Thursday, January 24, 2008

Mister Right (Ficus maclellandii)

I don't know what I can say about Ficus maclellandii:1 it's one of those few plants that I think is pretty much perfect (others would include Yucca guatemalensis, Haworthia retusa, Euphorbia grandicornis, Anthurium andraeanum, and Aglaonema spp.). This makes for a wonderful houseplant, and kind of a boring writing topic.

I bought my plant almost exactly a year ago, not without some trepidation; I knew that F. benjamina was touchy about being moved, and assumed that the same would be true for F. maclellandii. That was my first pleasant surprise with this plant: I think over the first six months or so that I had it, it lost all of like three leaves. Can you expect the same? Well, not necessarily, but it is supposed to be exceptionally good about leaf retention, and I have yet to see any of these plants have a serious leaf-throwing fit over anything. So there's that.

I haven't really done anything terribly special for mine: it's sort of off to the side of a large north-facing window, and the window itself is close to a white wall, so there's a lot of light there but it's all reflected. The spot in question also happens to be very close to a heat & air conditioning vent, but that is apparently not a problem. My plant really took off this summer, when I moved it from a 6-inch pot to an 8-inch; the extra soil was good, but I give some of the credit to a little bit of incidental root pruning: I also spent some time raking through the roots to loosen up the root ball and permit them to penetrate the new soil I was adding.2

Care is pretty typical for a houseplant, and shouldn't be terribly difficult for anybody: I water mine when I can stick a finger into the soil as far as it will go and not feel anything damp, though it does seem to take over- and underwatering somewhat in stride. Underwatering, I'm told, is more dangerous.

I don’t do anything to supplement humidity, but I have it on pretty good authority that they do like a humid environment, even if they don't insist on it. They are tropical plants, after all.

The biggest pest problem mentioned in association with this plant on-line is scale: I don't know if they're necessarily more prone to scale than to other pests, but I could see how scale might be harder to see: the stems do get woody when relatively young, and the right species could sweep in and set up shop for quite a long time before anybody noticed, by virtue of imitating the natural bumps of the stem. I personally am just pleased that they seem to be fairly resistant to spider mites.

Somewhat bright light is helpful, though I don't think they necessarily have to have it: a lot depends on whether you want the plant to grow or just maintain itself. Actual growth requires, unsurprisingly, brighter light. The situation is similar with temperature: the plant will tolerate high temperatures well, but cold can slow or damage it.

Propagation is possible, but not particularly easy, in my experience: a lot of them have failed on me for each one that's worked out. I suspect that taking a cutting from a woody stem and rooting it in wet perlite would probably work better than what I've tried in the past, just based on the fact that I've had good luck lately with that method for F. benjamina and F. microcarpa.
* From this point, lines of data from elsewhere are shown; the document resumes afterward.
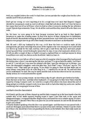 This is one of a number of monologues that I have written for use in worship or some other reflective purpose. This one deals with the events at the Inn in Bethlehem at the time of the Nativity from the point of view of the Innkeeper's Wife.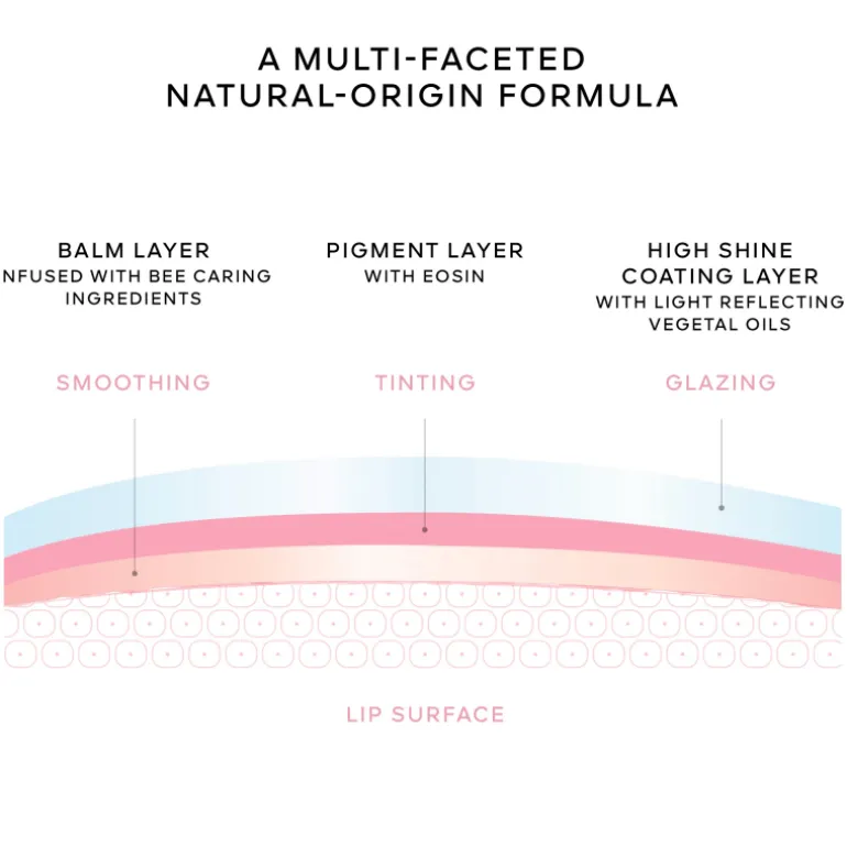 La fórmula hidratante y redensificante de KissKiss Bee Glow Oil combina tres ingredientes de origen natural procedentes de la colmena para sublimar los labios: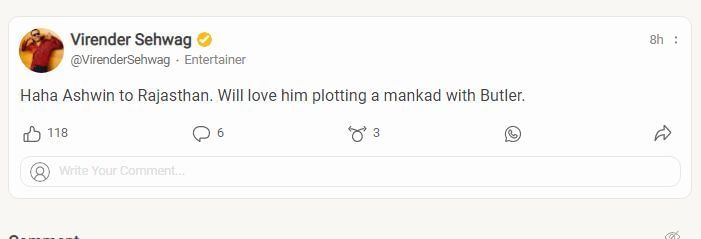 इंग्लैंड के विकेटकीपर बल्लेबाज जोस बटलर भी राजस्थान रॉयल्स की टीम में हैं। उनके साथ अब अश्विन भी होंगे। सहवाग ने दोनों के एक टीम में होने पर चुटकी लेते हुए 2019 के आईपीएल का मांकडिंग याद दिलाया। उस समय अश्विन ने पंजाब के लिए खेलते हुए बटलर को आउट किया था।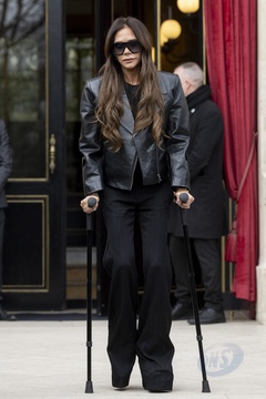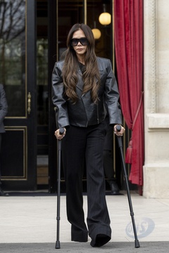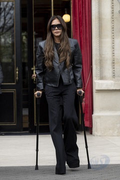 Victoria Beckham à la sortie de l'hôtel La Réserve lors de la mode femme automne / hiver 2024-2025 lors de la Fashion Week de Paris (PFW)
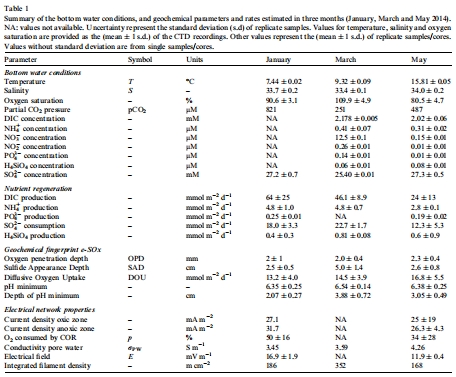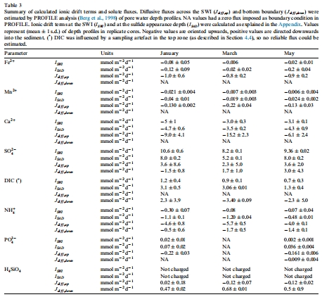 生產/消耗速率數據:通過PROFILE分析估計(圖6和表2),如DIC生產率為24-64 mmol m^{-2} d^{-1}。研究意義在于提供了e-SOx對有機質礦化貢獻的定量估計,顯示e-SOx可增強沉積物-水界面的通量。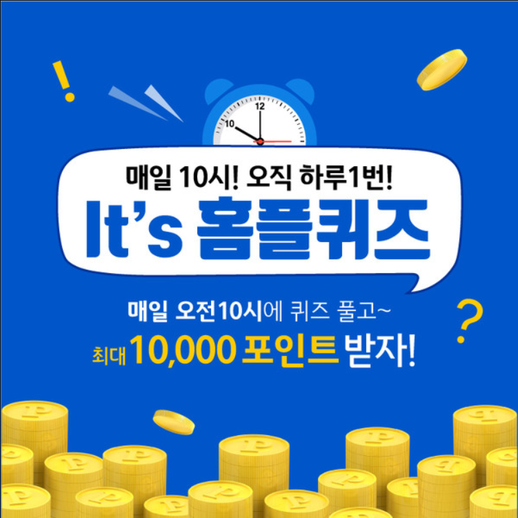 홈플퀴즈는 매일 진행되며 오전 10시부터 12시까지 1차 진행됩니다. 정답자들은 10포인트에서 최대 1만 포인트까지 랜덤으로 적립할 수 있습니다.
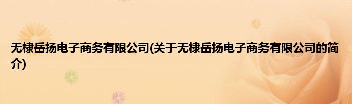 本文关于无棣岳扬电子商务有限公司的简介就讲解完毕,希望对大家有所帮助。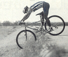■速降/上、下较剧烈的地方 比基本位置再降低5~10cm,使得坐在鞍座上时脚底的1/3能够接触地面,其作用是易着地。trial时鞍座越低体重移动越方便,山地车的操作性也越好。右相片:(上)踩蹬为主时的姿势。(下 )操作性为主时的姿势。左相片:下坡时鞍座的高度,应该使臀部很顺利地往後退。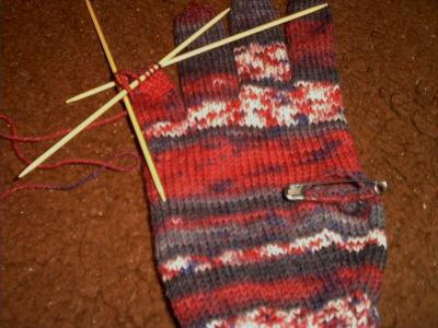 Für den kleinen Finger je 7 Maschen von der Handinnenfläche und des Handrückens wieder auf eine Sicherheitsnadel geben. 2 Runden weiterstricken dabei 2 Maschen für zwischen den Fingern zunehmen. Jetzt von der Innenfläche 7 Maschen und vom Handrücken 8 + der 2 zugenommenen Maschen für den Ringfinger auf eine Sicherheitsnadel geben.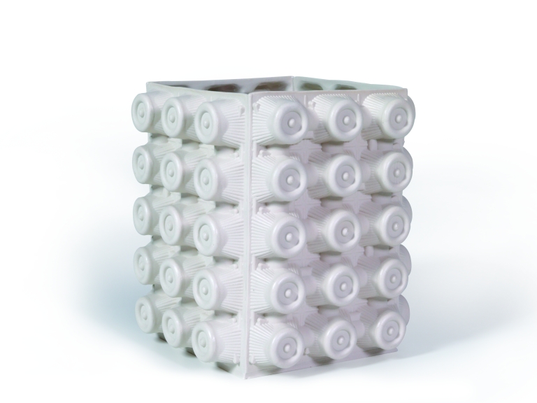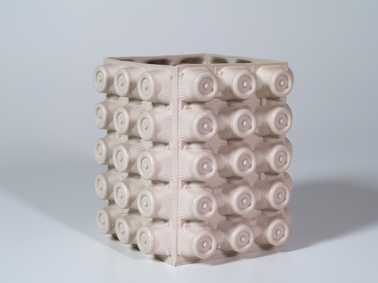 Vaso in grès a forma cubica. Le pareti esterne sono lavorate in rilievo a imitazione dei contenitori per uova.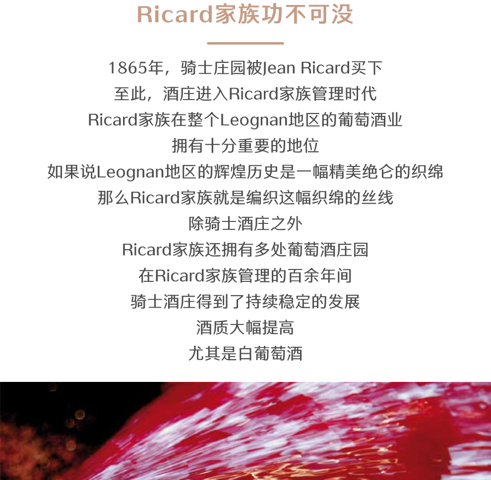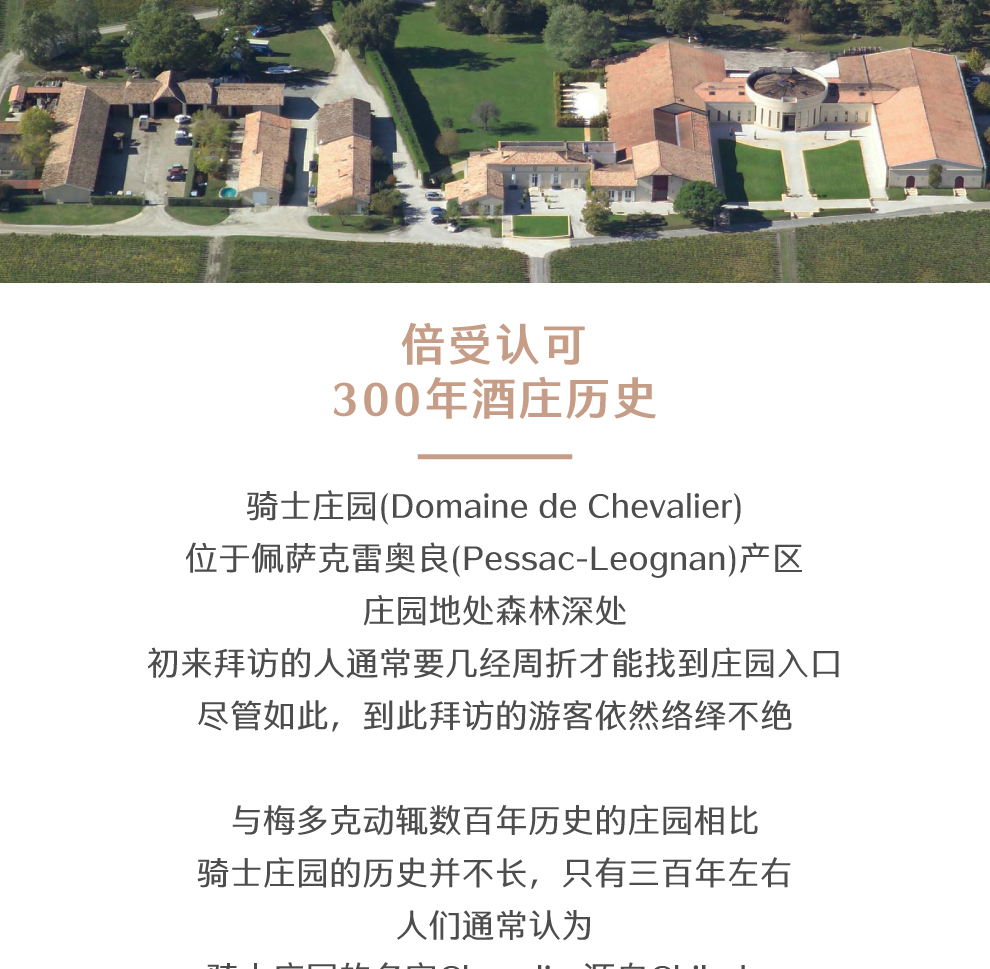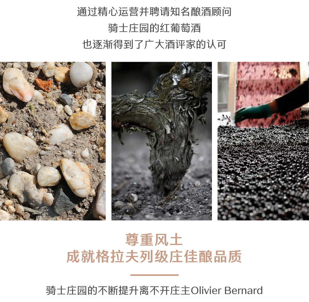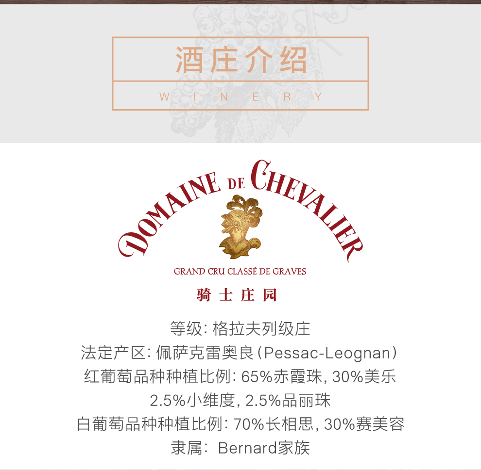 坐落于法国波尔多(Bordeaux)格拉夫(Graves)的佩萨克-雷奥良(Pessac-Leognan)产区。格拉夫仅有6座酒庄的红、白葡萄酒皆入选列级庄等级,而骑士便是其中之一。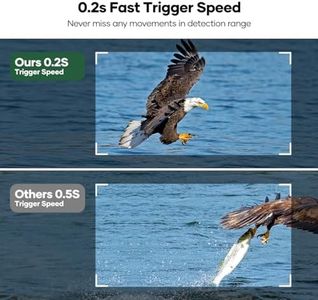 Trigger SpeedTrigger speed is the time it takes for the camera to take a photo after detecting motion. This is crucial for capturing fast-moving animals. A faster trigger speed (under 0.5 seconds) ensures you don't miss any action, which is important for monitoring elusive or quick animals. If your primary interest is in slower or more predictable wildlife, a trigger speed of 0.5 to 1 second may be adequate.
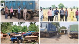 कोटा अनु विभाग के अंतर्गत 21 ट्रैक्टर एक जेसीबी एक पोकलैंड एवं ग्राम बड़े बरन में 20 ट्रैक्टर अवैध रूप से रेतडंपिंग करना पाया गया । सभी अवैध परिवहन कर रहे वाहनों को थाना प्रभारी के सुपुर्द किया गया है ।डंपिंग किए गए रेत को संबंधित ग्राम पंचायत को सौंपा गया है। बिल्हा के अंतर्गत ग्राम मोहदा में अवैध रूप से रेत परिवहन करते हुए दो ट्रैक्टर जप्त किया गया एवं इस हिर्री थाने में खड़ा किया गया । साथ ही निषाद ट्रेडर्स द्वारा 60 ट्रैक्टर रेत डंप किया गया था जिसे जप्त किया गया। ग्राम अटर्रा में विभिन्न स्थानों पर अवैध रूप से लगभग ₹450 ट्रैक्टर रेत का भंडारण किया गया था जिसे भी पुलिस एवं राजस्व विभाग की टीम द्वारा जप्त किया गया। बोदरी में राजस्व एवं पुलिस टीम हिर्री माइंस के पास अवैध रेत परिवहन करते हुए एक ट्रैक्टर जप्त किया तथा पीरेया में अवैध परिवहन करते हुए तीन ट्रैक्टर को पकड़ा गया।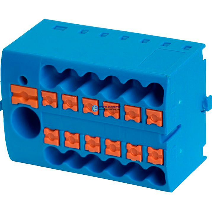 Зажим блок распределительный РТ на 12 точек 2,5мм2 690в 41А интегрированное питание 1 точка синий STEKKER LD580 PTFIX 6-12/25 49754 Stekker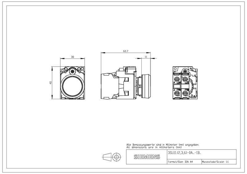 SIEMENS - Tasovalopainike - 3SU1102-0AB40-1BA0

Bottom heat is also nice if you can get it: it's seemed to help some of the cuttings I've tried to start at work.3

The only real issue I've ever seen them have is one that I also can't really explain or fix: we had a couple very tall plants on the center of some of the tables for a while, and they have all, at one point or another, dropped a lot of leaves at once and/or had a bunch of leaves develop dead gray zones of varying sizes. Only the ones on tables did this, it came on suddenly, and it's still going on to some degree though it's happening much more slowly than it was a couple months ago.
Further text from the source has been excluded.